# The Anniversary Clock Project.



## Roger the Dodger (Oct 5, 2009)

A couple of days ago, the boss and myself went to look through the junk in an old shed that's on a site we have with a view to keeping anything worthwhile before it's demolished. Sitting on an old table, covered with dust, I found this 'Bentima' anniversary clock. The guv'nor said I could have it, and I intend to use it as project when the wife goes to Oz in a few weeks time. The reason I wanted it was that it's a mechanical clock, not one of the more modern quartz ones. At first, I thought the suspension wire had broken, as the pendulum bobs were sitting on the base, but it turned out it had just become unhooked. What was obvious, was that it was overwound, or wound to the point where nothing was working. Using a small tap wrench, (as there was no key...one has been ordered fom Cousins) to ease the pressure on the click spring, I held off the pawl with a screwdriver and let the mainspring down. With the hands and dial removed, I eased the backplate slightly, and after adding a little tension to the spring, lo and behold, it started to work. All I can assume is that the old oils had gummed up, and releasing the plate allowed enough play to set it in motion again. Once I have the new key so that I can safely play with the barrel and mainspring, I'll strip the whole thing down, clean all the bits and relube. Will keep you posted. Haven't done any clock work since the 'Grandfather Clock' project back in 2010, so will be interesting.

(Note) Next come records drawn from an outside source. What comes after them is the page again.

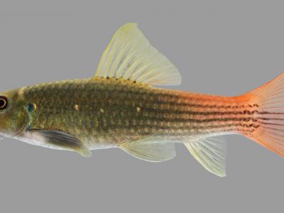 红尾加拉鱼的鱼鳞沿着尾巴突然转变为亮橙色和红色,这使它们很容易在清澈的溪流底部...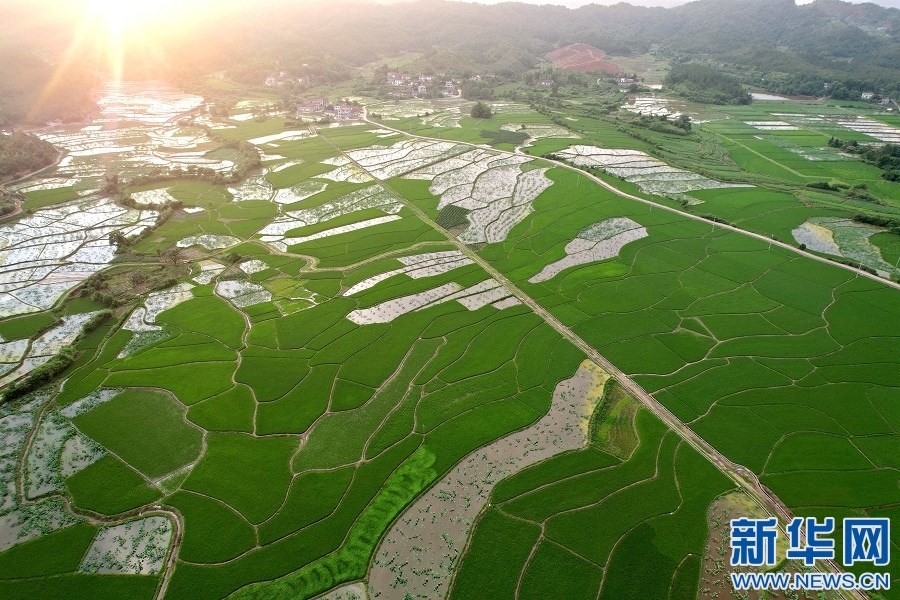 廣昌縣頭陂鎮(zhèn)早稻進入分蘗期,長勢良好。新華網(wǎng)發(fā) 危仁鵬 攝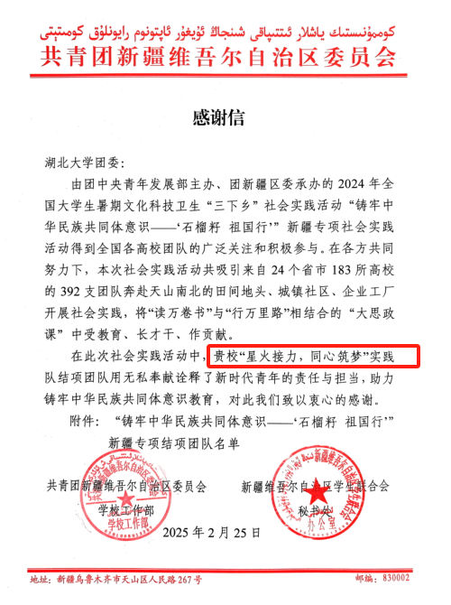 信中指出,本次社会实践活动共吸引来自24个省市183所高校的392支团队奔赴天山南北的田间地头、城镇社区、企业工厂 开展社会实践,将“读万卷书”与“行万里路”相结合的“大思政课”中受教育、长才干、作贡献。在此次社会实践活动中,公司“星火接力,同心筑梦”实践团队用无私奉献诠释了新时代青年的责任与担当,助力铸牢中华民族共同体意识教育,对此致以衷心的感谢。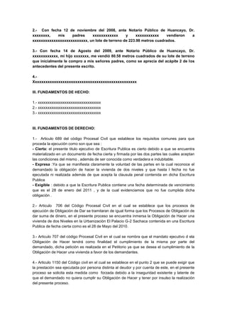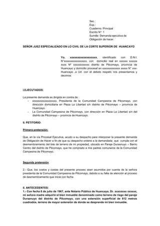 Este documento presenta una demanda ejecutiva de obligación de hacer contra la presidenta y la Comunidad Campesina de Pilcomayo. El demandante solicita que la comunidad cumpla con el desmembramiento de un lote de terreno que compró de sus padres, quienes eran comuneros. También solicita que los costos del proceso sean asumidos por la presidenta debido a su falta de atención al proceso de desmembramiento. El demandante proporciona antecedentes sobre la adquisición y venta sucesiva del lote de terreno, y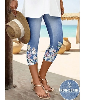 Frauen Leggings Capri Hosen Hochstretchfähigkeit Mode Streetwear Vollständig Lang Mittlere Taille Blumen Druck Thermisch Warm Atmungsaktiv Weich Outdoor Täglich Strand Buff Schwarz Himmelblau Sommer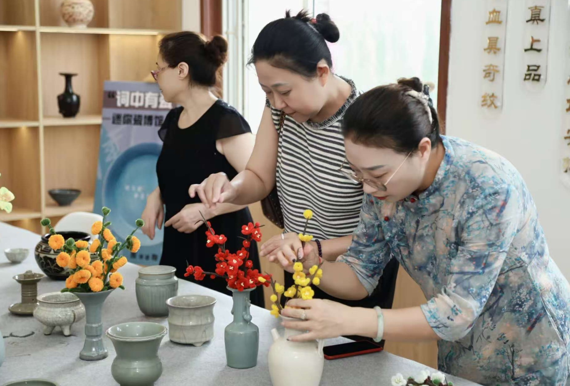 如今,这些居民手作绒花与定瓷一同在微型博物馆展出,两者一柔一刚、一雅一趣,相互映衬、和谐共生。相约三五好友前来参观,参与制作的居民总会骄傲地表示,亲手制作绒花不仅让自己掌握了一项传统技艺,更在参与过程中感受到传统文化的魅力,而博物馆的展出,更是让大家的劳动成果得到认可,进一步激发了传承传统文化的热情。

http://xflive.thewatchforum.co.uk/index.php?/topic/58371-grandfather-clock-project/&&do=embed

Pretty sure this is a fairly cheap clock, I've never heard of the make Bentima, but will be a good exercise in clock tinkering.




























Hands and dial off...


----------



## streety (Jan 17, 2009)

Good luck Roger, nice clock  . Been fancying one of these myself. I have heard of Bentima but only in the world of watches. Good find that especially with the dome intact. :thumbs_up:


----------



## Roger the Dodger (Oct 5, 2009)

I knew I should have put this away until madam goes away, but curiosity got the better of me and I started to strip the clock down. The first thing I found was that although the suspension wire for the pendulum isn't broken, it is rather bent and kinked in a couple of places, so out with the verniers and 3 new wires (they come in 3s) of the correct dimension (0.0023", 0.058mm) have been ordered from Cousins. These are Horolovar temperature compensating wires made of Nivarox, so should be superior to the one fitted. It will be a case of removing the top and bottom fixing blocks and the verge fork, very careful measuring and then reassembling on the new wire before cutting to length...the wires are supplied over long.

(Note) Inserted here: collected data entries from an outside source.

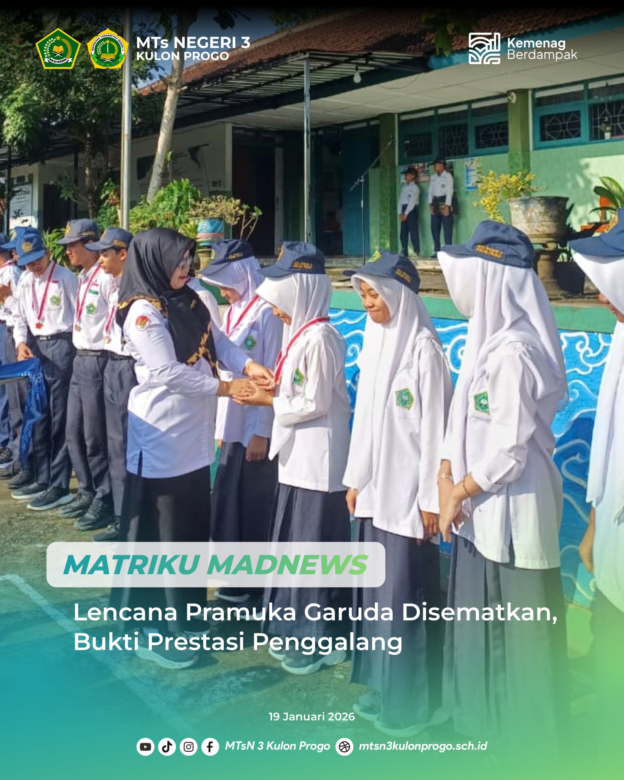 Kulon Progo (MTsN3KP) – MTsN 3 Kulon Progo melaksanakan penyematan lencana Pramuka Garuda pada saat upacara bendera hari Senin yang berlangsung di lapangan madrasah pada …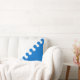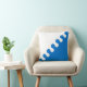 "Per bocht sinister nebuly argent en azuur." Populatiebadge voor de Baronie van de Cleftlands in de Society for Creative Anachronism. Achterkant van kussen is een middeleeuws patroon in coördinerende kleuren.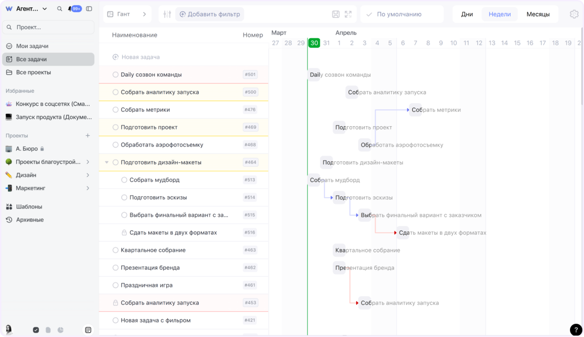 У WEEEK диаграмма Ганта — это отчасти отдельная сущность. Она доступна только в разделе со всеми задачами и со всеми проектами. Не получится отслеживать выполнение задач на пространстве проекта — для этого придется выходить со страницы этого проекта и отдельно включать диаграмму и фильтровать задачи уже там. Это может быть неудобно, когда проектов десятки и нужно переключаться между окнами.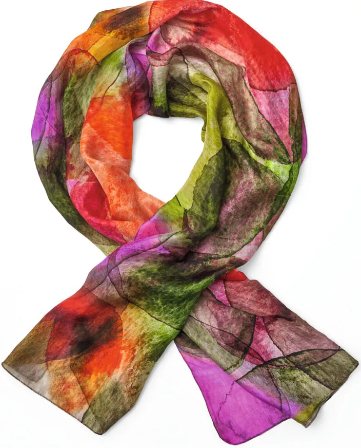 Eine harmonische Kombination aus kräftigen Rot- und Violetttönen und warmen Erdfarben bietet dieser edle Schal aus 100%iger Seide.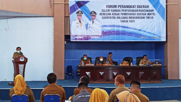 BOLTIM, KONTRAS MEDIA – Pemerintah Kabupaten (Pemkab) Bolaang Mongondow Timur (Boltim) menggelar kegiatan Forum Perangkat Daerah (FPD) dalam rangka penyusunan rancangan Rencana Kerja Pemerintah Daerah (RKPD) Kabupaten Boltim tahun 2023.

The base, which in the original pics above appeared pitted and rusty in places cleaned up really nicely...the marks were in the laquer coating. This was cleaned off using Solvol Autosol, polished and will be re-laquered when I get some. The dark marks are reflections of my whiteboard (on the top) and stuff on my bench (on the sides)










I won't take the movement apart until the new key arrives and gives me more control over letting down the barrel and mainspring.


----------



## Always"watching" (Sep 21, 2013)

Dear Roger, that sounds like quite a project - anniversary clocks are notoriously finicky before they will run properly. As for Bentima, this was a perfectly decent British clock brand, based at 18 Bury Street, London. The company seems to have been mainly a retailer of clocks made by others - imported and domestically made. However, the firm does seems to have had a manufacturing interest, with a factory in Perivale and links to the Perivale Clock Manufacturing Company Ltd.. Bentima was mainly involved in the production and marketing of mechanical clocks but also made or produced electric examples, including an all-electric Westminster chime model launched in 1953 and hailed as being revolutionary. The firm was a competitor of Smiths and seems to have been in operation from just before/after World War Two through to the 1970s. The ultimate fate of the brand seems to have been acquisition by Acctim, and quartz clocks designated as "Acctim Bentima" are current products.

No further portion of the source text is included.